Confusion about rank sum test

Question

Long ago I learned about what I now find is the rank sum test.

I am confused, because what my memory tells me is different from what I find now on wikipedia.

What my memory tells me is it is a test of differently labeled samples, called "u" and "d", calculating a rank sum that is quite like what is described on the net, but without that terms about $n_1,n_2$, and the purpose was to decide if the "u"s and "d"s are significantly ordered one before the other.

It looks to me that language has changed, just like iodine in chemistry is no longer denoted by "J" but nowadays by "I".

Maybe my memory is playing tricks on me, maybe notation and interpretation has changed. Maybe all of that.

That would not be a good question so far, so I try to sharpen it:

given a rank sum $r$ based on $n_1,n_2$, what is the probability that $r>r_0$ when the distributions for samples "u" and "d" would be equal?

Answer 1

Suppose your "u" and "d" samples have $n_1$ and $n_2$ items respectively. In the rank sum test you pool these two samples together and compute the ranks of the "u" sample within this pooled list of $n_1 + n_2$ items. The test statistic (call it $R_1$) is the sum of the "u" ranks.
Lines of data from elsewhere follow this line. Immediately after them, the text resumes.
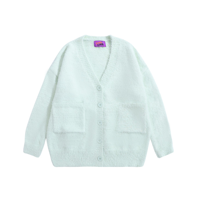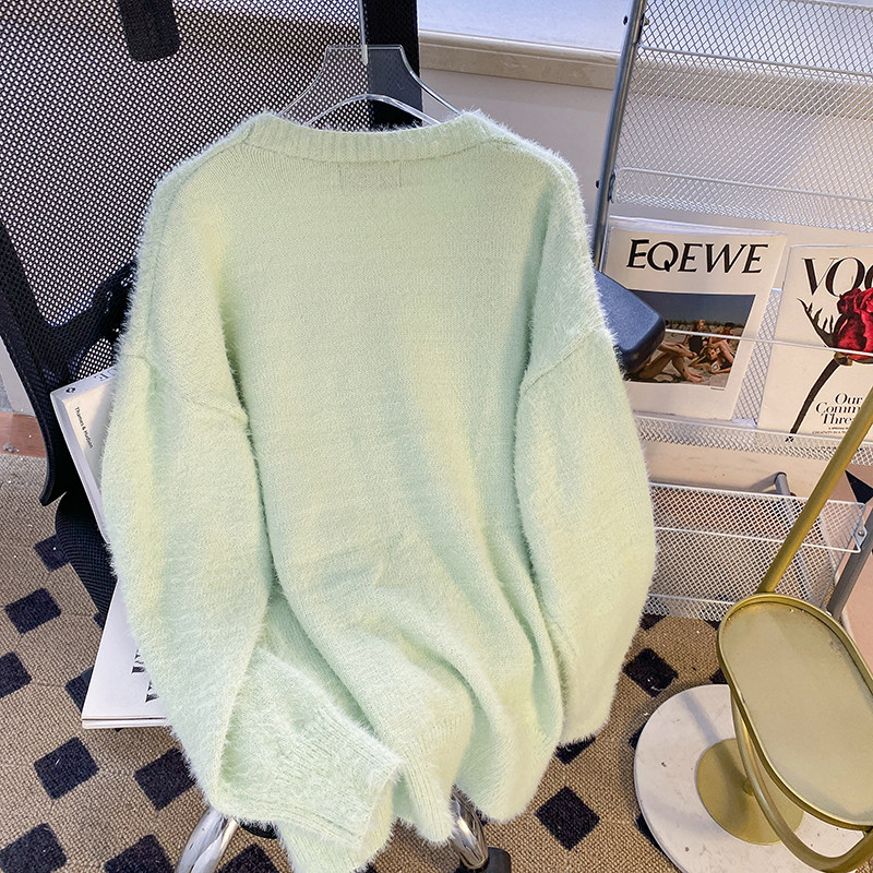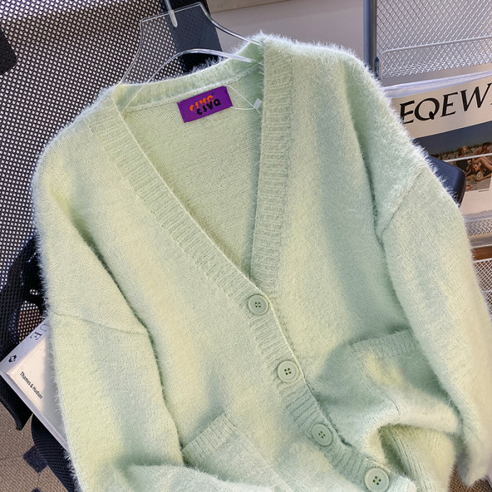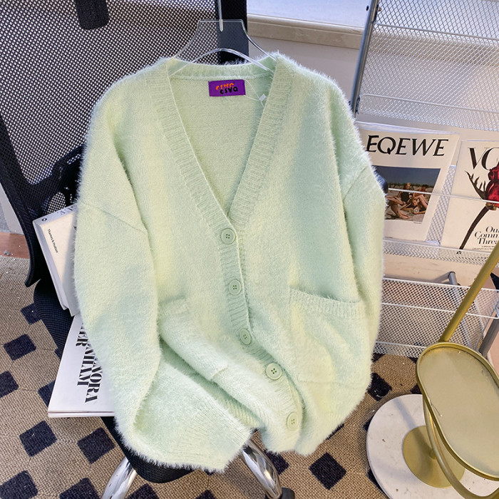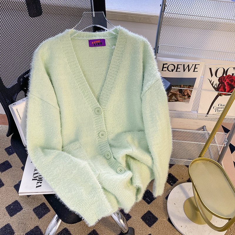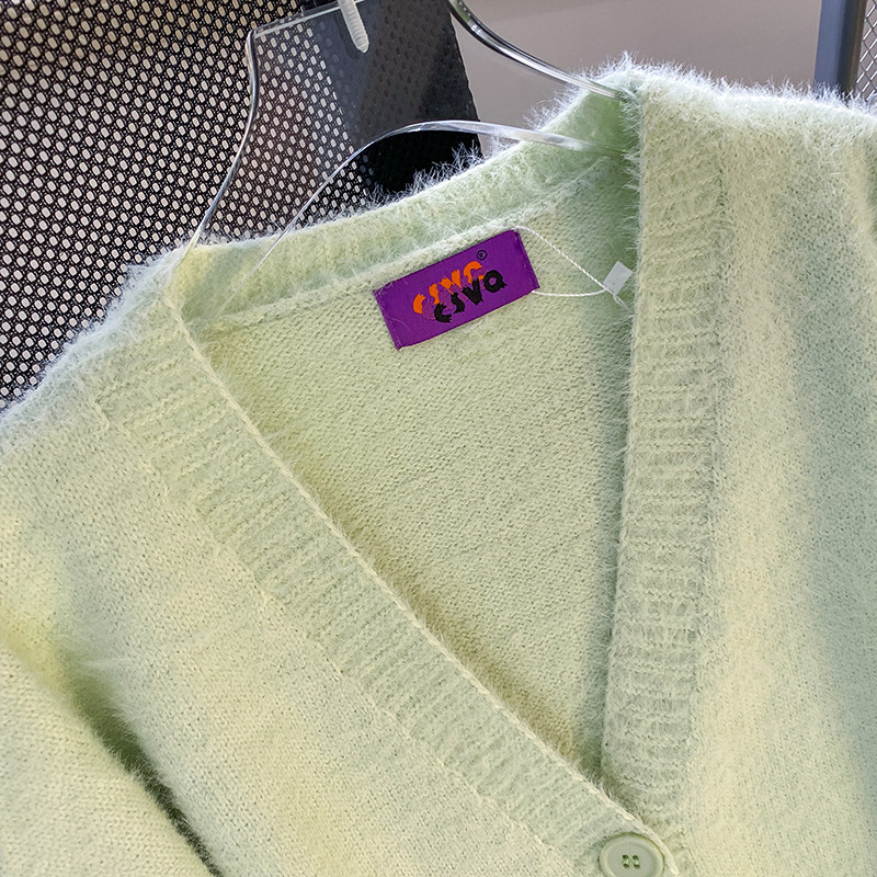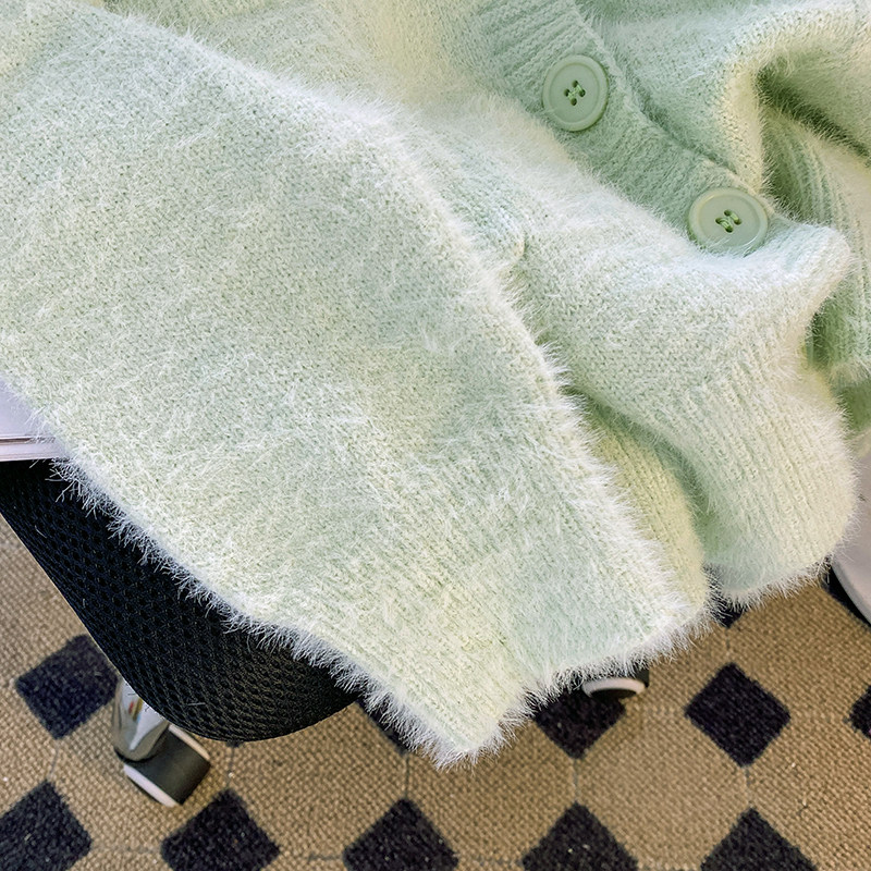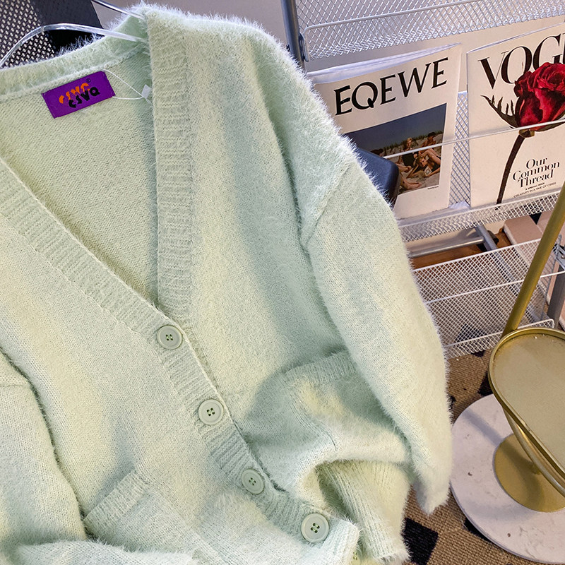 CSVQ薄荷奶綠仿水貂毛V領多色開衫毛衣女軟糯慵懶風針織秋冬外套
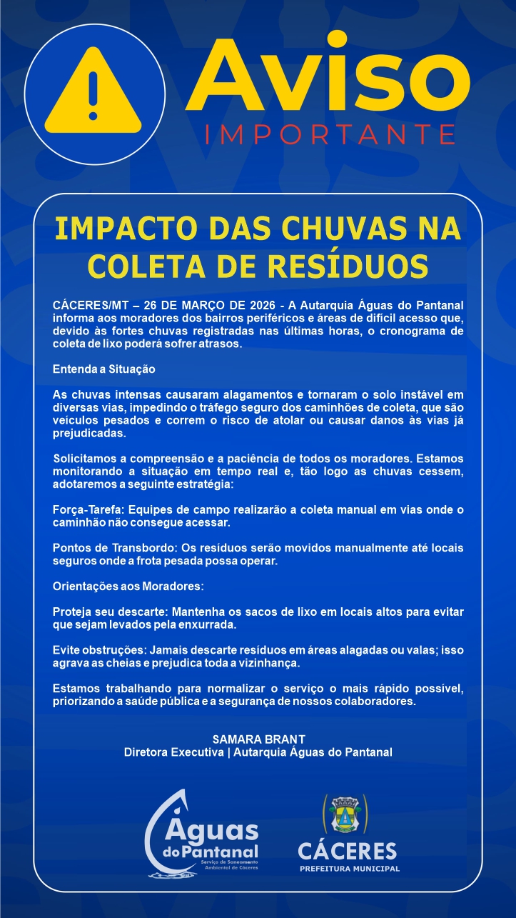 CÁCERES/MT – 26 DE MARÇO DE 2026 - A Autarquia Águas do Pantanal informa aos moradores dos bairros periféricos e áreas de difícil acesso que, devido às fortes chuvas registradas nas últimas horas, o cronograma de coleta de lixo poderá sofrer atrasos.
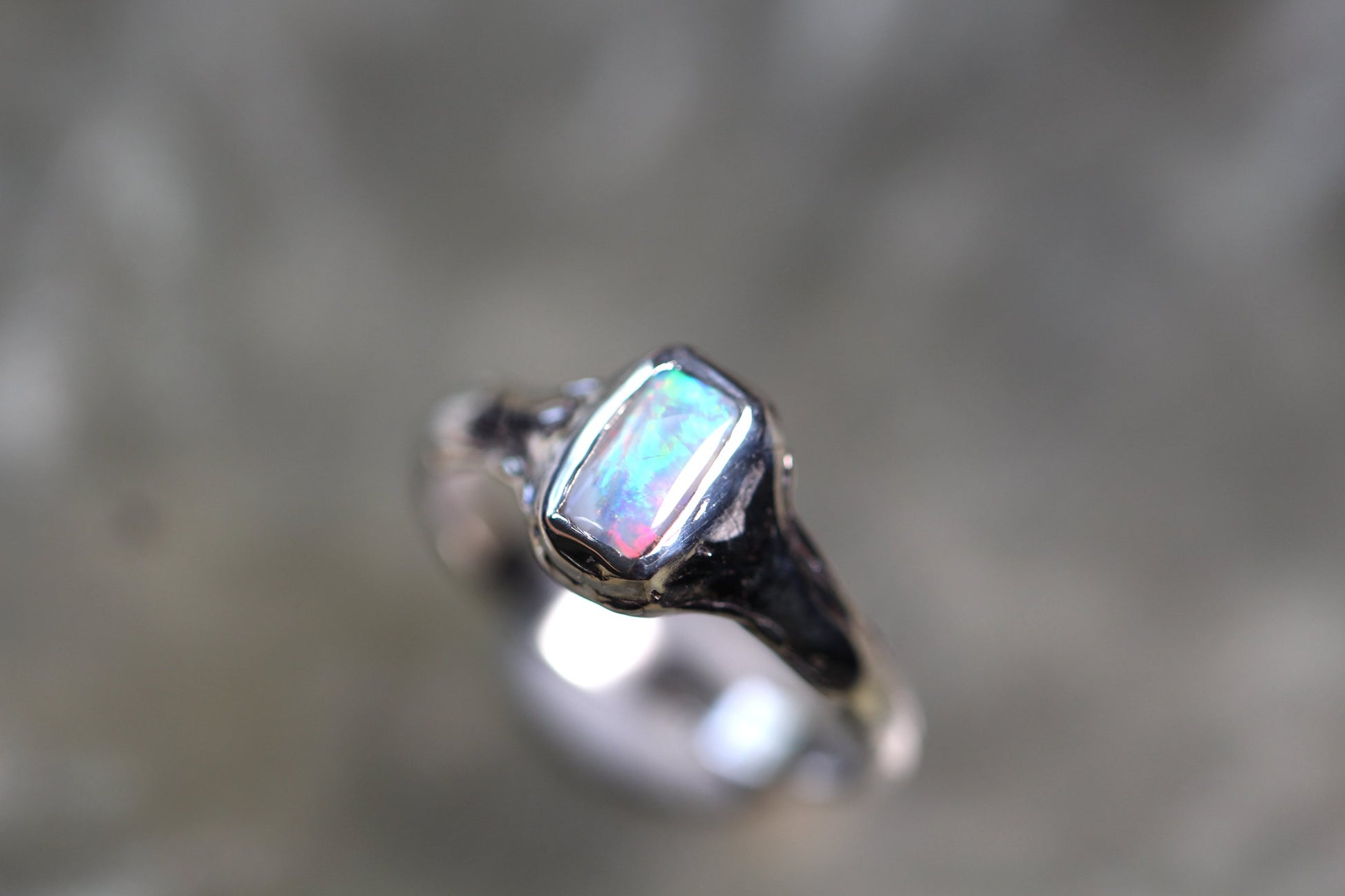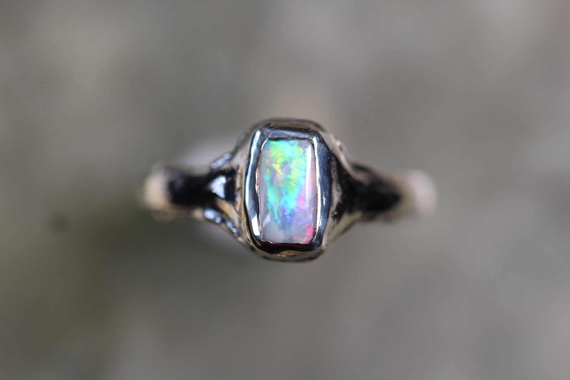 This LR Opal and Sterling Silver ring was made by Australian Jeweller and Opal cutter Chloe Fraser.
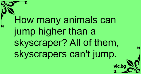How many animals can jump higher than a skyscraper? All of them, skyscrapers can't jump.
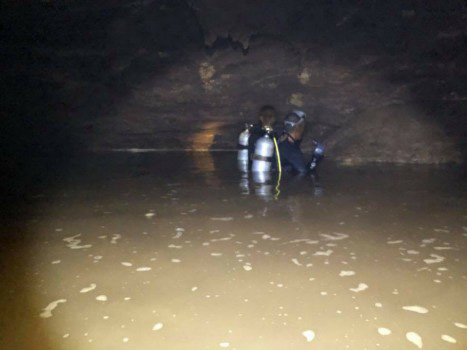 ความคืบหน้า ปฏิบัติการค้นหากลุ่มเด็กนักเรียนทีมฟุตบอลเยาวชน "หมูป่า" อายุระหว่าง 11-16 ปี พร้อมผู้ฝึกสอน รวม 13 คน จาก ต.โป่งผา อ.แม่สาย จ.เชียงราย ภายในถ้ำหลวงขุนน้ำนางนอน เมื่อช่วงบ่าย พล.ร.ต.อาภากร อยู่คงแก้ว ผู้บัญชาการหน่วยบัญชาการสงครามพิเศษทางเรือ กองเรือยุทธการ หรือหน่วยซีล เปิดเผยว่า หลังจากทีมหน่วยซีลดำน้ำลึก 5 เมตร ทะลุเข้าไปยังโถงใหญ่ของถ้ำ พบว่าผู้ที่ติดอยู่ภายในทิ้งร่องรอยเป็นสัญลักษณ์ระหว่างทางภายในถ้ำ แต่จนถึงขณะนี้ยังไม่เจอตัวเด็กและโค้ช ทั้งนี้ เจ้าหน้าที่หน่วยซีลที่ดำน้ำเข้าไปทะลุภายในโถงถ้ำขนาดใหญ่ กำลังสำรวจพื้นที่ เพื่อวางเชือก และแท่นเรืองแสงทีละจุด ตามรอยสัญลักษณ์ที่เด็กทิ้งไว้ หลังเดินจากจุดที่ดำน้ำผ่านเข้าไปยังห้องโถงใหญ่ ประมาณ 1 กิโลเมตร จากระยะรวมประมาณ 7 กิโลเมตร ขณะที่ญาติของเด็กบางคน นิมนต์พระสงฆ์ทำพิธีขอขมาสิ่งศักดิ์สิทธิ์ และสิ่งลี้ลับ เพื่อให้เจ้าหน้าที่พบบุตรหลานโดยเร็วและปลอดภัย
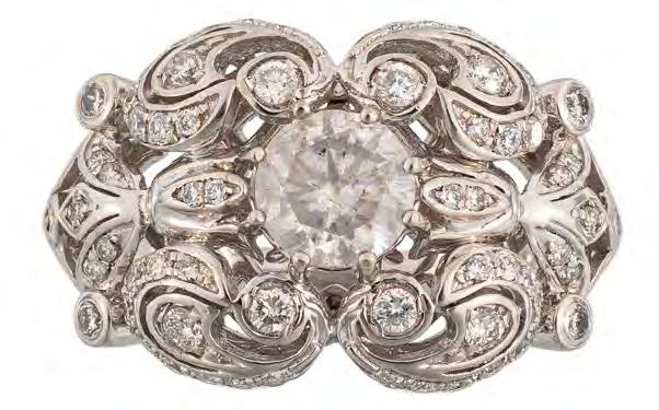 576. 14 kt. White Gold, Diamond and Ruby Ring, center round diamond, wt. approx. 0.58 cts.; bezel with numeround oval rubies; size 6.25; 3.95 dwts.Please Note: Payment for all jewelry and all couture items MUST be made by cash, check or wire transfer., [800 / 1200]
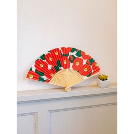 扇子いっぱいにあしらったモダンで華やかな椿の花柄。椿の花言葉は 「控えめな優しさ」「誇り」。
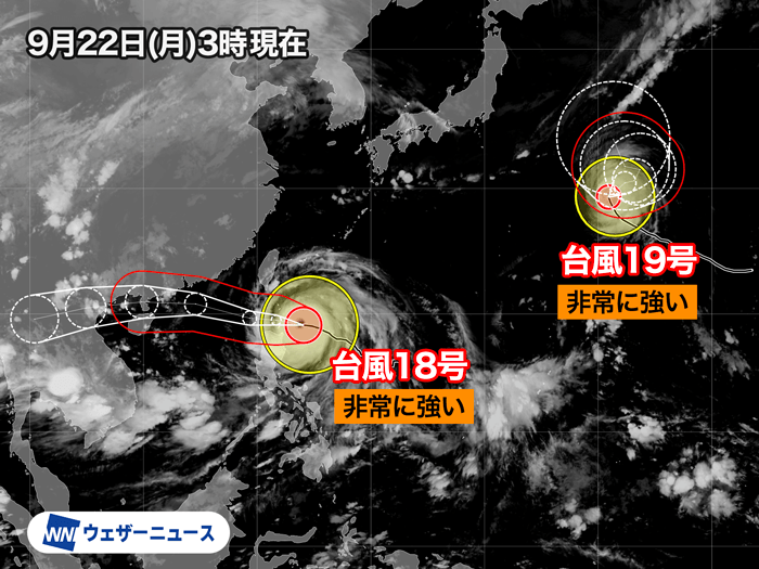 現在、日本の周辺には台風18号(ラガサ)、台風19号(ノグリー)が発生しています。
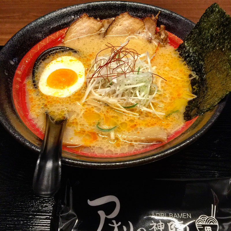 国立新美術館近くのラーメン屋。仕切られたカウンターで食べる。
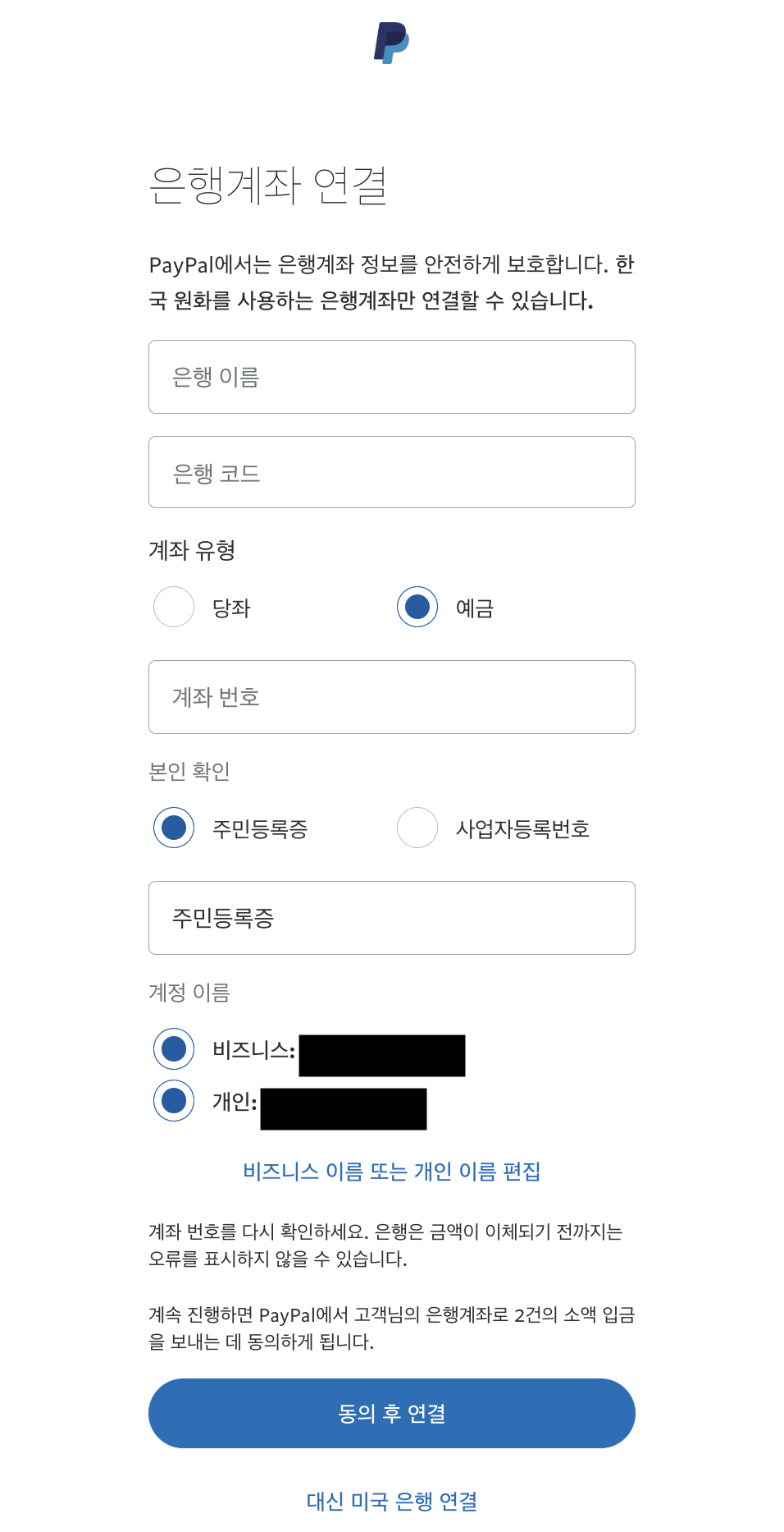 - 검은색으로 가린 부분은 이전에 입력한 기본정보와 비즈니스정보의 이름입니다.
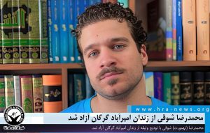 خبرگزاری هرانا – روز چهارشنبه دهم آبان ماه، محمدرضا (تهمورث) شوقی، با تودیع وثیقه از زندان امیرآباد گرگان آزاد شد.

Under the null hypothesis that the "u" and "d" distributions are equal, the $n_1$ numbers corresponding to the "u" ranks are selected uniformly at random without replacement from the numbers $1, 2,\ldots n_1+n_2$, so the test statistic $R_1$ has mean $$ \mu_{R_1}:=E(R_1)=\frac{n_1(n_1+n_2+1)}2\tag1$$ and variance $$\sigma^2_{R_1}:=\operatorname{Var}(R_1)=\frac{n_1n_2(n_1+n_2+1)}{12}\tag2$$ (see here for a derivation) and the test statistic $$z:=\frac{R_1 - \mu_{R_1}}{\sigma_{R_1}}$$ has approximately standard normal distribution.

In Wikipedia the query "rank sum test" redirects to Mann-Whitney U-Test. These two tests are not synonymous, but there is an algebraic identity, shown on the Wikipedia page, that connects the rank sum test statistic $R_1$ and the Mann-Whitney $U$ statistic: $$U = n_1n_2 + \frac{n_1(n_1+1)}2 - R_1 .\tag3$$ In other words, $U$ plus $R_1$ equals a constant. You can use (3) in conjunction with (1) and (2) to compute $$E(U) = \frac{n_1n_2}2,\qquad\operatorname{Var}(U)=\operatorname{Var}(R_1)=\frac{n_1n_2(n_1+n_2+1)}{12},$$ which confirms the result found in the Wikipedia page.